SPÖ-Holzleitner zu Mädchentag: SPÖ Frauen im Kampf gegen Armut
SPÖ Frauen fordern Erhöhung vom Arbeitslosengeld, Unterhaltsgarantie und Vermögenssteuern
Die SPÖ Frauen nehmen den Internationalen Mädchentag zum Anlass um auf ihren Kampf gegen Armut und gegen die Ausgrenzung von armutsbetroffenen Menschen aufmerksam zu machen. Besonders betroffen in Österreich sind Frauen im Alter und Alleinerzieher*innen und damit vor allem auch Kinder. „Armut ist weiblich. Armut macht krank. Es ist eine Schande, dass in einem reichen Land wie Österreich jedes vierte Kind von Armut betroffen ist. Wir Sozialdemokrat*innen wollen das ändern. Daher müssen wir den Sozialstaat stärken und Vermögenssteuern einführen“, so SPÖ-Frauenvorsitzende Eva-Maria Holzleitner.

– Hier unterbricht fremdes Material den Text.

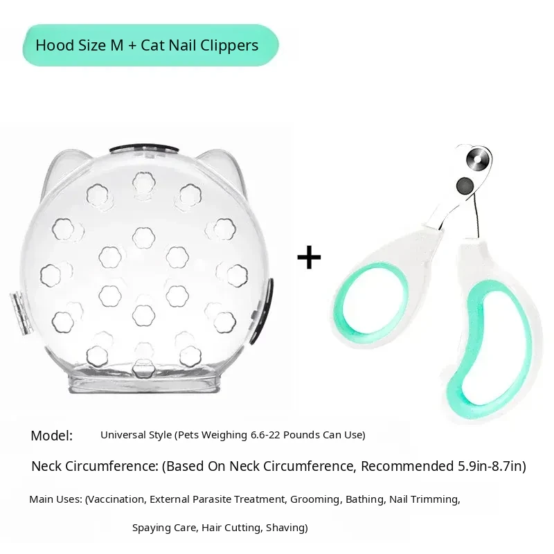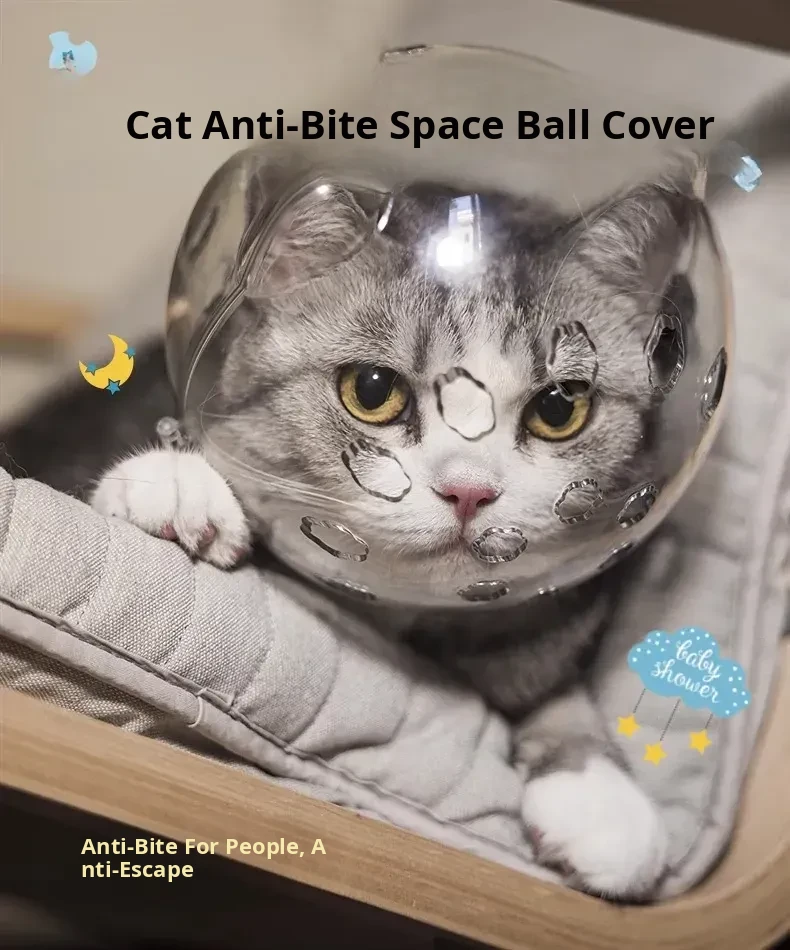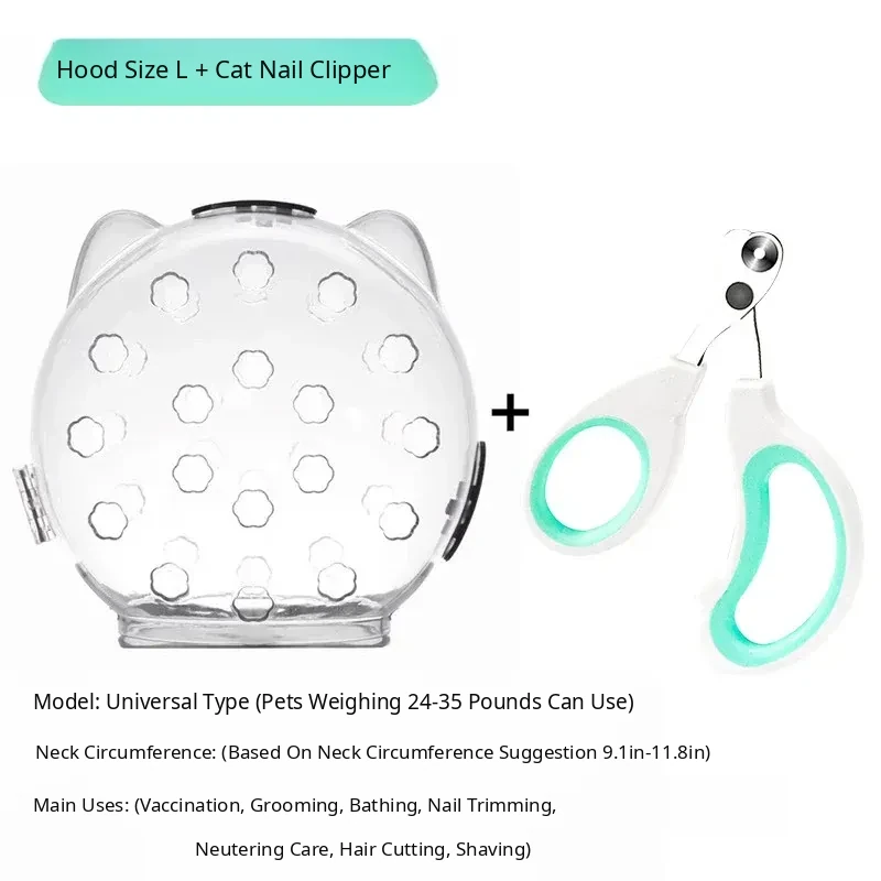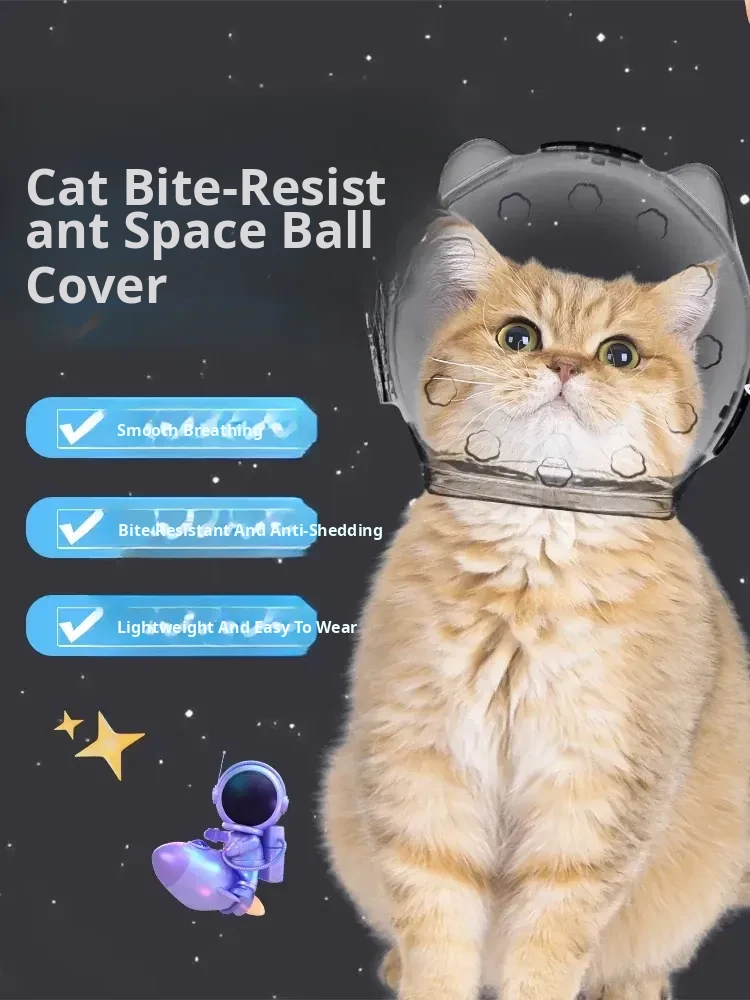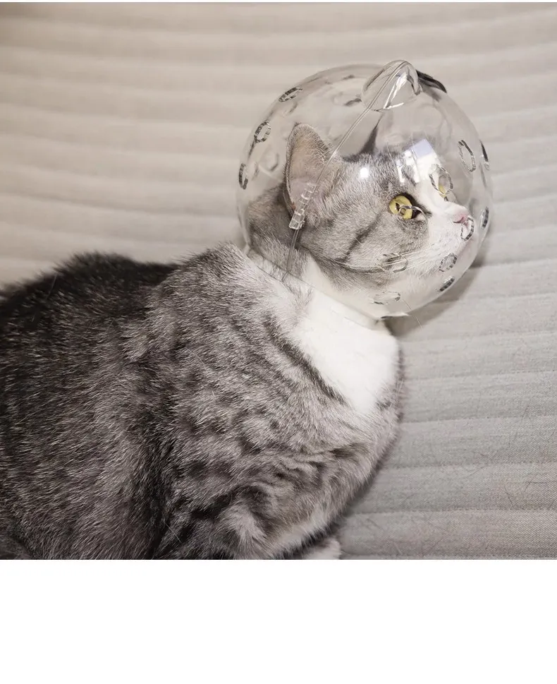 Cat Head Cover - Space Helmet for Cats, Pet Bathing & Nail Trimming, Bite-Proof Headgear and Dog Lick Prevention, Elizabethan Collar for Cats and Dogs

Über eine Million Menschen sind in Österreich armutsgefährdet, das heißt sie leben unter der Armutsgefährdungsschwelle. Ohne Sozialleistungen wären es sogar 26 Prozent der Bevölkerung. ****
Besondere Sorge bereitet den SPÖ-Frauen, dass die Armut bei Kindern und Jugendlichen zunimmt. „Es ist unsere Pflicht dafür zu sorgen, dass Kinder und Jugendliche gut und sicher in unserem Land aufwachsen können, dass sie am Leben teilhaben und letztendlich selbstbestimmt und unabhängig leben können“, so Holzleitner.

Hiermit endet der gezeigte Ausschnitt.